AVAILABLE DATA: Begin

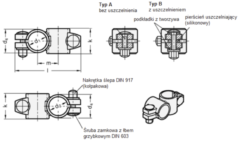 Również elementy złączne wykorzystane w łącznikach odpowiadają restrykcyjnym wymaganiom higienicznym. Zastosowano w nich śruby zamkowe z łbem grzybkowym DIN 603 i nakrętki zaślepione (kołpakowe) DIN 917, wykonane ze stali nierdzewnej A2. Opcjonalnie, każde połączenie śrubowe może zostać wyposażone w podkładki tworzywowe oraz silikonowe uszczelnienie.
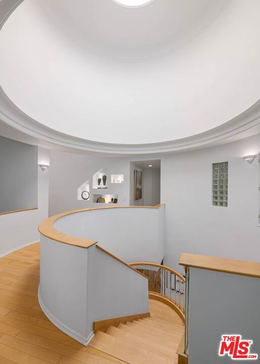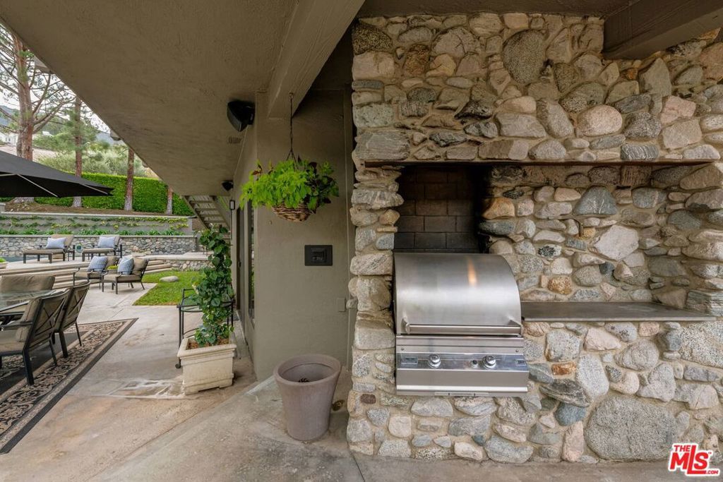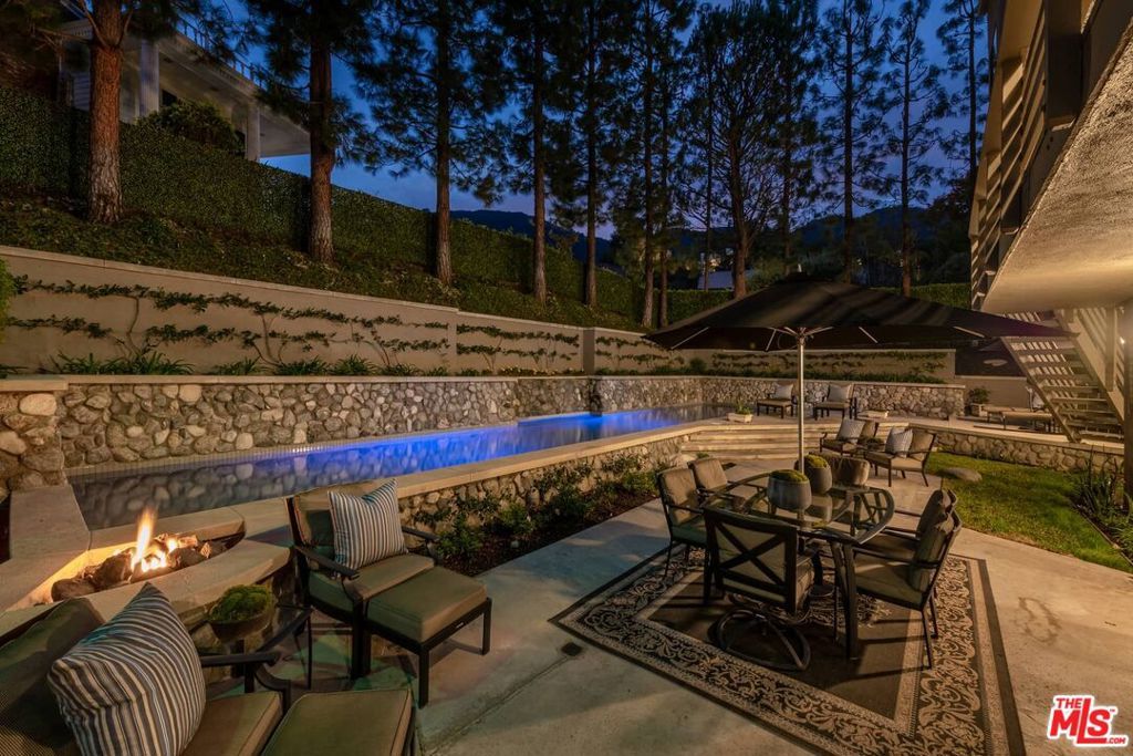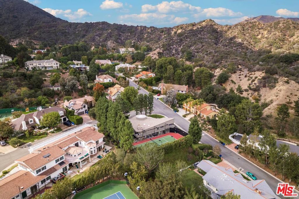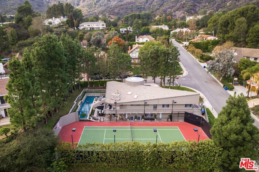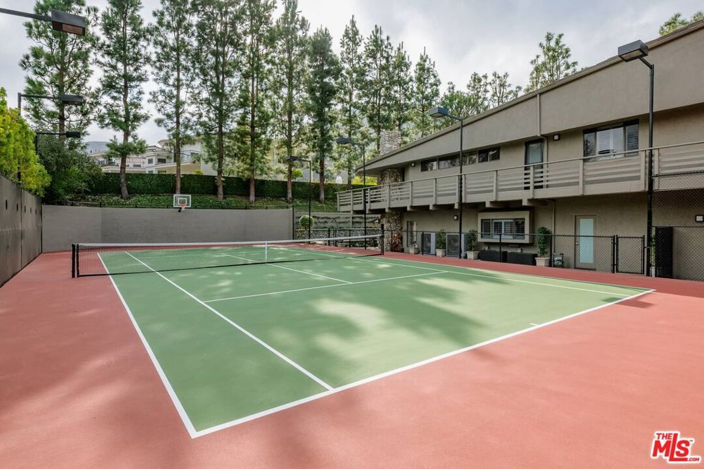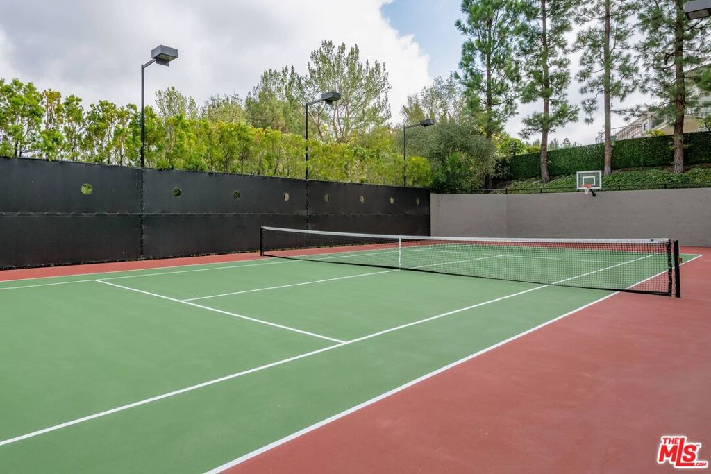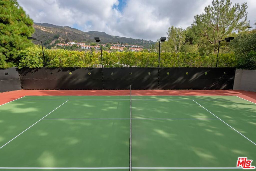 Set on more than half an acre behind the 24-hour guard gates of Palisades Country Estates, 17765 Camino De Yatasto is a striking architectural residence by Steinbrueck + Dianella, blending privacy, scale, and resort-style amenities in one of Pacific Palisades' most coveted enclaves. Spanning nearly 5,500 square feet with 5 bedrooms and 4.5 baths, the home makes an immediate impression with bold lines, a dramatic silhouette, glass-paneled garage doors, stone detailing, and a serene courtyard entry with tranquil water feature. Inside, soaring ceilings, curved walls, sculptural forms, art niches, and a dramatic circular skylit rotunda create an interior that feels both expansive and architecturally distinct. The formal living room is bright and elegant, centered around a marble fireplace and framed by towering windows, while the formal dining room overlooks the central volume and connects seamlessly to the home's entertaining spaces. The kitchen is generous in scale and function, appointed with top-tier stainless appliances, extensive cabinetry, black stone counters, a large center island with cooktop, and an adjacent breakfast area. Nearby, the family room offers a more relaxed setting with exposed beams, a striking fireplace, full wet bar, and direct access to the outdoor entertaining areas. Additional flex spaces provide versatility for office, gym, study, or creative use. Upstairs, the primary suite unfolds as a private retreat with exceptional scale, its own fireplace, sitting area, balcony access, beverage bar, oversized walk-in closet, and a beautifully renovated spa bath with dual vanities, freestanding soaking tub, and large glass shower. Secondary bedrooms are spacious and thoughtfully designed, while updated baths, dedicated laundry, and additional upstairs workspace enhance everyday livability. Outside, the grounds live like a private resort, with a long swimmers pool and spa, waterfall, multiple lounge and dining terraces, built-in BBQ, covered entertaining areas, and one of the few private full-size tennis courts in the community, all set against a lush hillside backdrop. By day, the property offers privacy, recreation, and architectural presence; by night, it becomes a dramatic retreat defined by glowing interiors, illuminated grounds, and an exceptional indoor-outdoor lifestyle. With a 3-car garage, generous additional parking, and close proximity to Palisades Village, hiking trails, and the coastline, this is a rare opportunity to own a residence of true architectural character in an exceptionally private guard-gated setting.
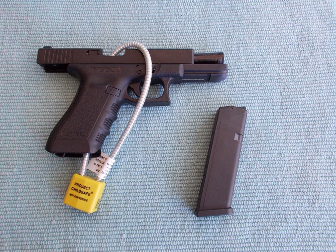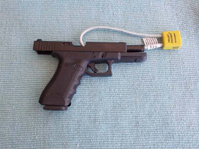 These are inexpensive or can be obtained for free some police departments and firearms dealers and local firearms organizations.  A firearms lock is included with any recent firearm purchase, often this is a are cable lock.
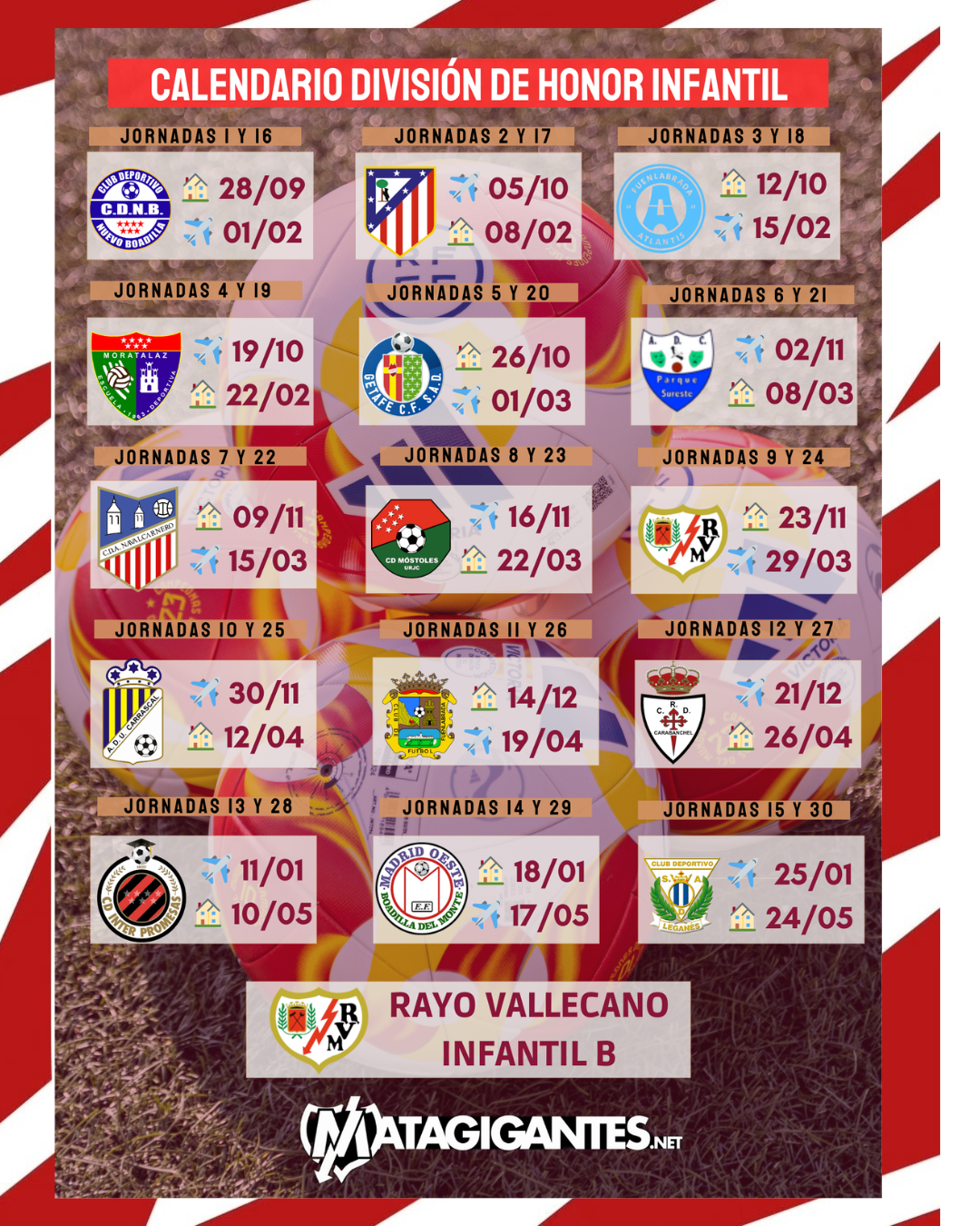 Os dejamos el calendario liguero completo del Rayo Infantil B en el grupo 2 de División de Honor Infantil.

AVAILABLE DATA: End

§ EXERCISE BRIEF: Using the material above, set down every line exactly, but skip the pictures.

§ WRITTEN RESPONSE:
 Również elementy złączne wykorzystane w łącznikach odpowiadają restrykcyjnym wymaganiom higienicznym. Zastosowano w nich śruby zamkowe z łbem grzybkowym DIN 603 i nakrętki zaślepione (kołpakowe) DIN 917, wykonane ze stali nierdzewnej A2. Opcjonalnie, każde połączenie śrubowe może zostać wyposażone w podkładki tworzywowe oraz silikonowe uszczelnienie.
 Set on more than half an acre behind the 24-hour guard gates of Palisades Country Estates, 17765 Camino De Yatasto is a striking architectural residence by Steinbrueck + Dianella, blending privacy, scale, and resort-style amenities in one of Pacific Palisades' most coveted enclaves. Spanning nearly 5,500 square feet with 5 bedrooms and 4.5 baths, the home makes an immediate impression with bold lines, a dramatic silhouette, glass-paneled garage doors, stone detailing, and a serene courtyard entry with tranquil water feature. Inside, soaring ceilings, curved walls, sculptural forms, art niches, and a dramatic circular skylit rotunda create an interior that feels both expansive and architecturally distinct. The formal living room is bright and elegant, centered around a marble fireplace and framed by towering windows, while the formal dining room overlooks the central volume and connects seamlessly to the home's entertaining spaces. The kitchen is generous in scale and function, appointed with top-tier stainless appliances, extensive cabinetry, black stone counters, a large center island with cooktop, and an adjacent breakfast area. Nearby, the family room offers a more relaxed setting with exposed beams, a striking fireplace, full wet bar, and direct access to the outdoor entertaining areas. Additional flex spaces provide versatility for office, gym, study, or creative use. Upstairs, the primary suite unfolds as a private retreat with exceptional scale, its own fireplace, sitting area, balcony access, beverage bar, oversized walk-in closet, and a beautifully renovated spa bath with dual vanities, freestanding soaking tub, and large glass shower. Secondary bedrooms are spacious and thoughtfully designed, while updated baths, dedicated laundry, and additional upstairs workspace enhance everyday livability. Outside, the grounds live like a private resort, with a long swimmers pool and spa, waterfall, multiple lounge and dining terraces, built-in BBQ, covered entertaining areas, and one of the few private full-size tennis courts in the community, all set against a lush hillside backdrop. By day, the property offers privacy, recreation, and architectural presence; by night, it becomes a dramatic retreat defined by glowing interiors, illuminated grounds, and an exceptional indoor-outdoor lifestyle. With a 3-car garage, generous additional parking, and close proximity to Palisades Village, hiking trails, and the coastline, this is a rare opportunity to own a residence of true architectural character in an exceptionally private guard-gated setting.
 These are inexpensive or can be obtained for free some police departments and firearms dealers and local firearms organizations.  A firearms lock is included with any recent firearm purchase, often this is a are cable lock.
 Os dejamos el calendario liguero completo del Rayo Infantil B en el grupo 2 de División de Honor Infantil.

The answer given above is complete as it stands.